Con queste premesse, stupirà apprendere che come i miliardari d’oggi puntano alla moneta digitale e al reddito universale di sussistenza digitale, anche i bolscevichi puntavano alla “completa abolizione della moneta”?

E come la Open Democracy di Soros proclama che approfittando del virus “è ora di abolire la famiglia”, così i rossi si adoperavano a “far esplodere il guscio della vita privata”, perché, come predicava la Krupskaia (la donna di Lenin) gli spazi privati al di fuori dello Stato erano “un pericoloso brodo di coltura per controrivoluzionari”?

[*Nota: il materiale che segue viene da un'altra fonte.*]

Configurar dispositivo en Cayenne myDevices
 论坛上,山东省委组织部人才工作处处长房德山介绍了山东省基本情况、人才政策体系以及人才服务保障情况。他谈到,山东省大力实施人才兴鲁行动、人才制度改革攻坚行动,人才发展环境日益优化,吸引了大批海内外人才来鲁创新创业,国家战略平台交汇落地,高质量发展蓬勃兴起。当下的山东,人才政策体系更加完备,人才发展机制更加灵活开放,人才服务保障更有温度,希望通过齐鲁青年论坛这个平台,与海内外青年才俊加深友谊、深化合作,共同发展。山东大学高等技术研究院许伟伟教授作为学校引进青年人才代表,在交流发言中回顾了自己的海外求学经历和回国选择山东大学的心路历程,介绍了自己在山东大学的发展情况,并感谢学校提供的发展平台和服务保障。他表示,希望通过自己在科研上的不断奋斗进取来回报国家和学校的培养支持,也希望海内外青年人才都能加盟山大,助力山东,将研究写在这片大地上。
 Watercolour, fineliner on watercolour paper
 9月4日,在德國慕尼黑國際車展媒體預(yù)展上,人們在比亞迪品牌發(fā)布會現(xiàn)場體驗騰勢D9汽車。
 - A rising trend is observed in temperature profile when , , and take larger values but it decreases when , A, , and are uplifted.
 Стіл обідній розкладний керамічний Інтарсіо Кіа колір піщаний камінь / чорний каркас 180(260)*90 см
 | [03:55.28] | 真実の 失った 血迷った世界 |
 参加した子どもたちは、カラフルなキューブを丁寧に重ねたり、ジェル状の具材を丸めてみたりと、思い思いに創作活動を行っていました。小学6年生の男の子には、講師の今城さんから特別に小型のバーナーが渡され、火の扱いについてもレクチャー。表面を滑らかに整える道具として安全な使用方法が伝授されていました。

Nel 2030 non possederai niente e sarai felice

proclama il Forum di Davos. I bolscevichi, “per costringere le masse russe sull’altare di una “società futura” che esse dovevano preparare ma non godere non c’era altro mezzo che il Terrore, ricetta che fu subito messa in opera sotto Lenin” (R. Mondolfo).

Da noi il terrore mediatico non basta, già si minacciano licenziamenti di medici e infermieri che cercano di sottrarsi al vaccino dagli imponenti effetti avversi; in Israele già non si possono fare acquisti al supermercato senza presentare la tessera di vaccinazione; l’obbligatorietà viene imposta sempre più duramente.

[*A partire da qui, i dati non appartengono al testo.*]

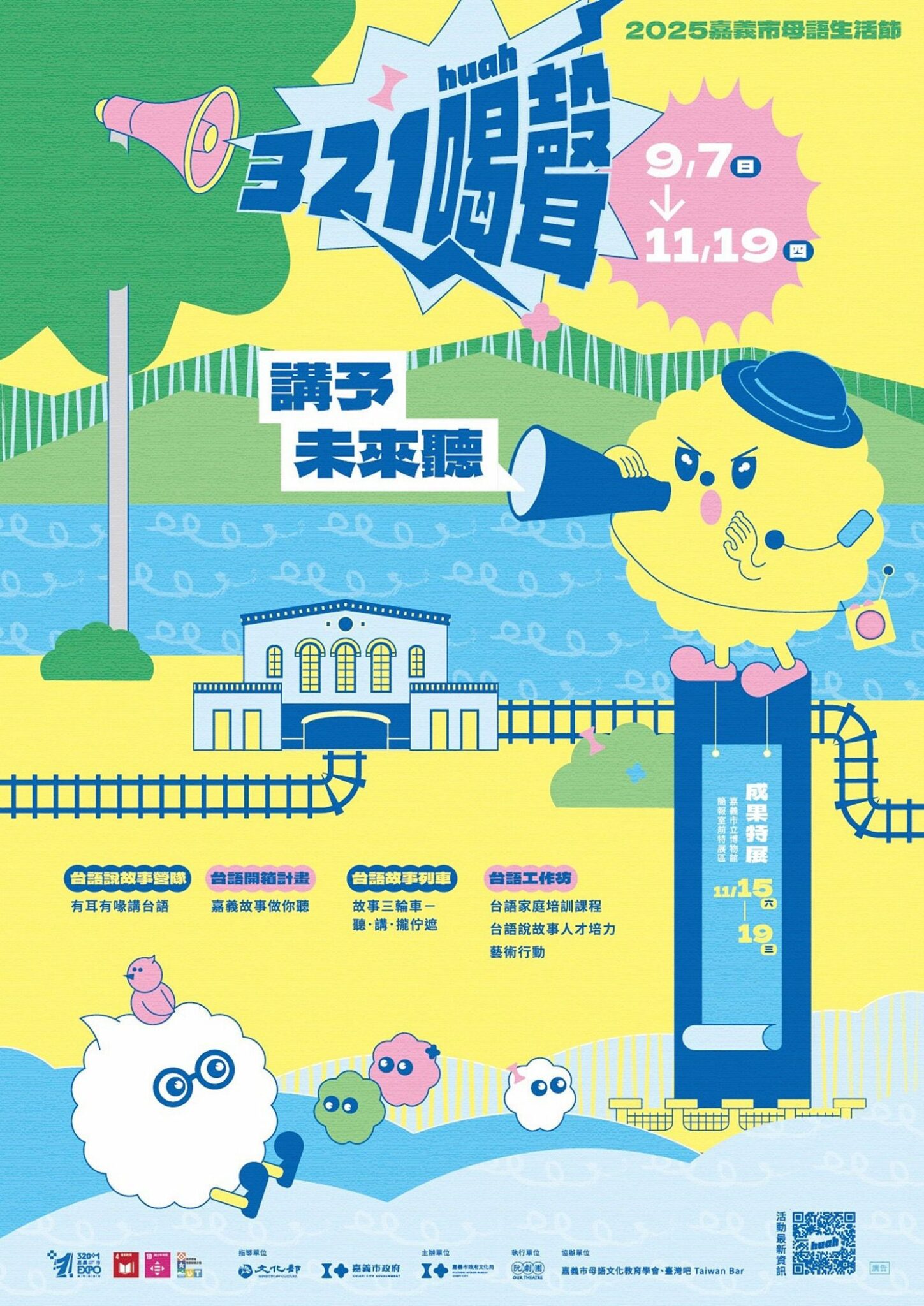 2025 嘉義市母語生活節【 321喝(huah)聲:講予未來聽 】相關活動訊息請上嘉義市政府文化局粉絲頁、嘉義市圖書館粉絲頁、阮的母語工作隊粉絲頁查詢

Anche l’iconoclastia dei Black Lives Matter ha il suo originale nel bolscevismo reale. “In nome del nostro domani metteremo al rogo Raffaello, distruggeremo i musei, schiacceremo i fiori dell’arte”, urlò il movimento Proletkul’t (Cultura proletaria).

Giustappunto la Krupskaia, nominata dal marito direttrice del Comitato generale per l’istruzione politica, epurò le biblioteche sovietiche di 94 autori, fra cui Platone, Dante, Cartesio, Jules Verne, Ernst Mach, Fedor Dostojevski, Kropotkin al pari di Solo’vev – e furono vietati il Requiem di Mozart, quasi tutto Bach, e i Vespri di Rachmaninov”.

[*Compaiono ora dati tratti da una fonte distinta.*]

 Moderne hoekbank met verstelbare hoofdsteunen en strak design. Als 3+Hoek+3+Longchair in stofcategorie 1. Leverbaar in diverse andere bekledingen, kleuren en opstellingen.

Impoverirono anche le menti

A giudicare dalla monocorde uniformità propagandistica di giornali e tv, con la demonizzazione di ogni deviazione dal pensiero unico, non siamo lontani dal momento che viene così descritto: a forza di “demagogia, di coercizione e di repressione, il governo statizzò, monopolizzò tutto, assolutamente tutto, perfino la parola, perfino il pensiero. Esso divenne il solo detentore di tutte le verità, il solo proprietario di tutti i beni materiali e spirituali”.

Il successo del Gran Reset 1920 è testimoniato da queste cifre ufficiali:

[…] Secondo l’Ufficio centrale di Statistica, in seguito alla carestia del 1921-22, morirono 5.053.000 abitanti. A queste vanno aggiunte quelle della guerra civile: nel 1918-20 il Paese perse 10 milioni di persone. Dunque tra il 1918 e il ‘22 le perdite salirebbero a circa 15 milioni, il 10% della popolazione. Per confronto in Spagna le perdite durante la guerra civile (1936-39) rispetto all’insieme della popolazione furono l’1,8%, nella Guerra di Secessione in Usa, l’1,6.

Bill Gates si è lasciato sfuggire che a forza di vaccinare il mondo, si può ridurre la popolazione globale di un dieci per cento. Dati i mezzi più moderni, non dubitiamo che possa fare meglio di Lenin.